My ears and my eyes were old, haggard things; the spans of ages. “Fly, fly,” said the harlequin. But I fell from splendor in the mind of god. My stomach was born for the house of cross purposes, eating every stone that bore a hint of gold, peristalting and panning with enzymes to sift that malleable and conductive stuff from dull and jagged rocks. And yet – even with the sediment that sluiced through my veins, spurting even across the brain’s ventricles, through all the days that stones rolled and scraped across gyri and sulci, numbing all lusts – I could still form a dream of you.
Lord of the castle, deliver me to Zoom’s waiting room with you beyond the door. I remember the day I met you.
I’d gone out under the sun to view the slow ripples of Lake Carmel. I bathed there past the pebbles. I doggy-paddled. I dunked my head under and screamed out through bubbles as fish darted apart. I rested. I saw, too, what I thought to be an artifact of the eye, a glare maybe, a strange refraction of the light upon water, but no, I saw the faces of the dead – aviators all, wearing uniforms and captains’ hats – come noiselessly from the house of god to gleam upon mortal waters and bathe in the beam of the day star.
“What complex refreshment we find here. Oh the liquid ripples of earth. Kaleidoscopes of sensation in each instant – so distinct from the ideal joy of heaven and emptiness. It overwhelms the spirit.”
“It overwhelms,” I called out, and their jaws dropped, for as many times as I’d gazed upon the lake, my eyes had never before caught their fleeting light.
“Who are you, cousin?” they asked. “What would you write on the bottom of a nametag?”
I read the nametag over my heart. “I’m the bright autumn leaves caught in a swirl between two school walls. I am a landscape dotted with hills, houses, and streams – I am the the tavern and the town drunk stumbling out, and also I am the whole of it. I am every promise I’ve failed to keep. I am that which dances slowly, a beckoning. On good days, I am the infinity from which creation springs. On bad days, I’m that guy who ate too many rocks. I started a company once.”
“Hm,” they said. “Good enough. We’ll give you a ride.”
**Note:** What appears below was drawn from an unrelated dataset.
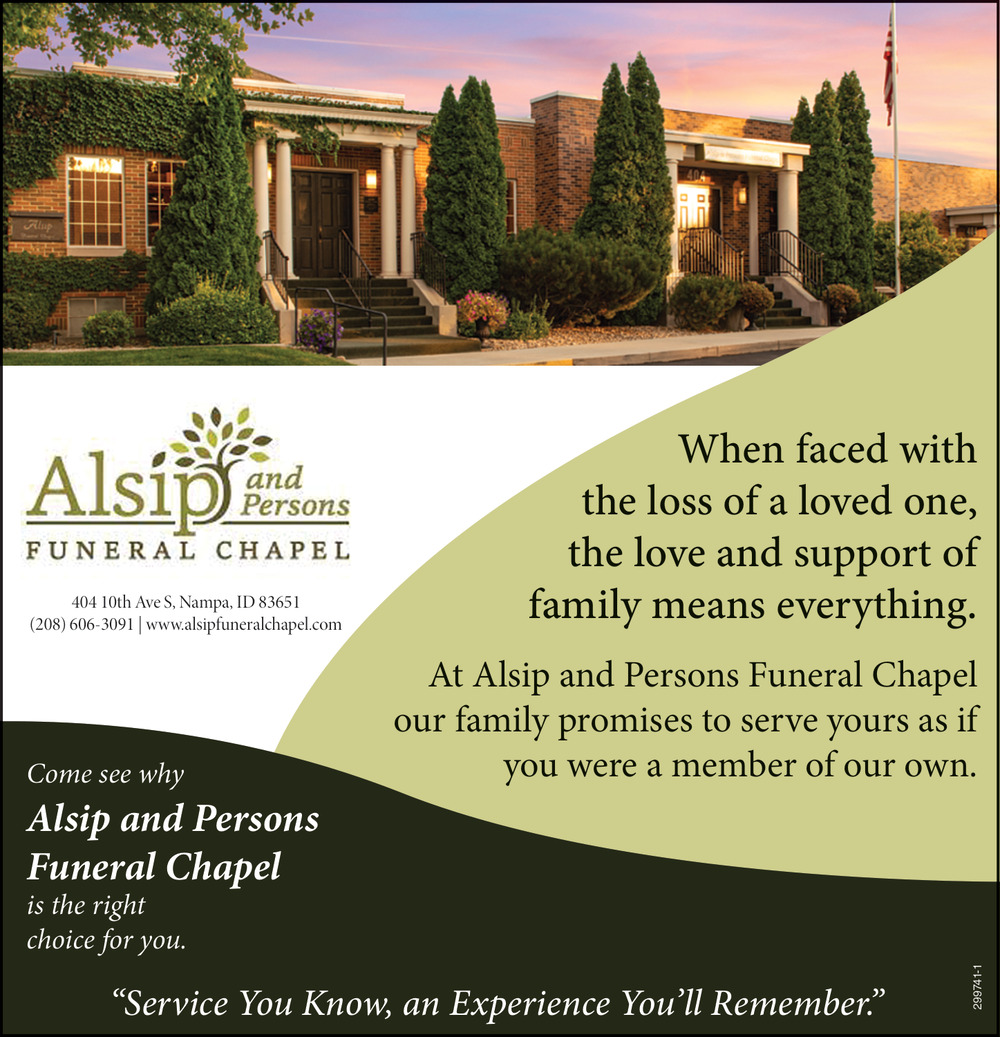 Ads for Alsip And Persons Funeral Chapel in Nampa, ID

I didn’t need to ask where. Their plane took me across oceans and cities and then upward to where the blue sky gave way to void. We flew far beyond earth, past Jupiter and beyond, beyond any place I could claim to know, until soon we came to a great house made of nothing.
It was god’s all-night rager, in a place that never dawned. Luminous beings tramped the floor – the lesser gods and goddesses of other worlds. They raved and sang and burped, and their laughter sent tingles through the bones of my fingers.
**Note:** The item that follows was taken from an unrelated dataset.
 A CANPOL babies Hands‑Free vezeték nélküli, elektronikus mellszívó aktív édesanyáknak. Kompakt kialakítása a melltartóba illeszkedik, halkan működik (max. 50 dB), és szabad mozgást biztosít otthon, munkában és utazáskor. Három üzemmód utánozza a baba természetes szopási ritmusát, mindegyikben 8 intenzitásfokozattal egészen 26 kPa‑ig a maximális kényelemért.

I went to enter and found the hand of a hippo-headed god on my shoulder. “This house party is for gods. Are you a god?”
My eyes angled up at the god, widening while my stomach dropped. I am not a god, I thought. I am only a guy who has spent most of his days behind the soft glow of a laptop screen. I am but a bag of meat covered with skin and, often, psoriasis. It was not my place to feast with gods. A cold numbness spread through my body while the luminous beings chuckled and slapped each other’s backs.
“Bro,” said one with the face of a crocadile. I followed his arm, which ended at a finger pointing toward my chest. “Have you forgotten so soon what you learned in Lake Carmel? Look at the words over your heart.”
I looked and I saw, and facing the god said, “I know you. I have seen you day in and out. You are the wildfire that burns away half-truths. You are change, the precipice we fear, the un-namer, fungal eater of that which rots, the joyous falling of the earth around the sun, he who exposes the illusion of dusks and dawns, reshuffler of atoms.”
“Who am I?” called another and another and another and another.
Then I named them one by one. “You are small dwellers in night, the sound of crickets, the glow of fireflies. You are hynogogia, those whisps which lie between waking and sleeping, textures too subtle to title, the ineffable. You are the burning embers that fall from fireworks, drifting slowly through the air around us to reach the ground. You are the challenger, the one who asks, “When last did you allow your soul to drift up to the surface of your skin?’ You are the presence of love in each thought. You, sir, are the swish of grass on the passing boot and the crunching of dry tinder underneath. You are exhuberant violence, the thrill of near-death, the respect that follows. And you, lady, you are the cat stretching all four of its legs in the warmth of daylight, to then roll into the grass and watch the work of ants. And you––“
But as I turned and saw you, I knew not what to say. I had never seen someone like you. Astonishing was the only word that came to mind, so I searched for fancier ones. “You! You are… You are the knowing glance, the light that passes between mirrors, the sudden plumment into now.”
“No I’m not,” you said.
“No? Hm. How about…yes! You are the murmuration of starlings! The veins in lamina, the stem, the source!”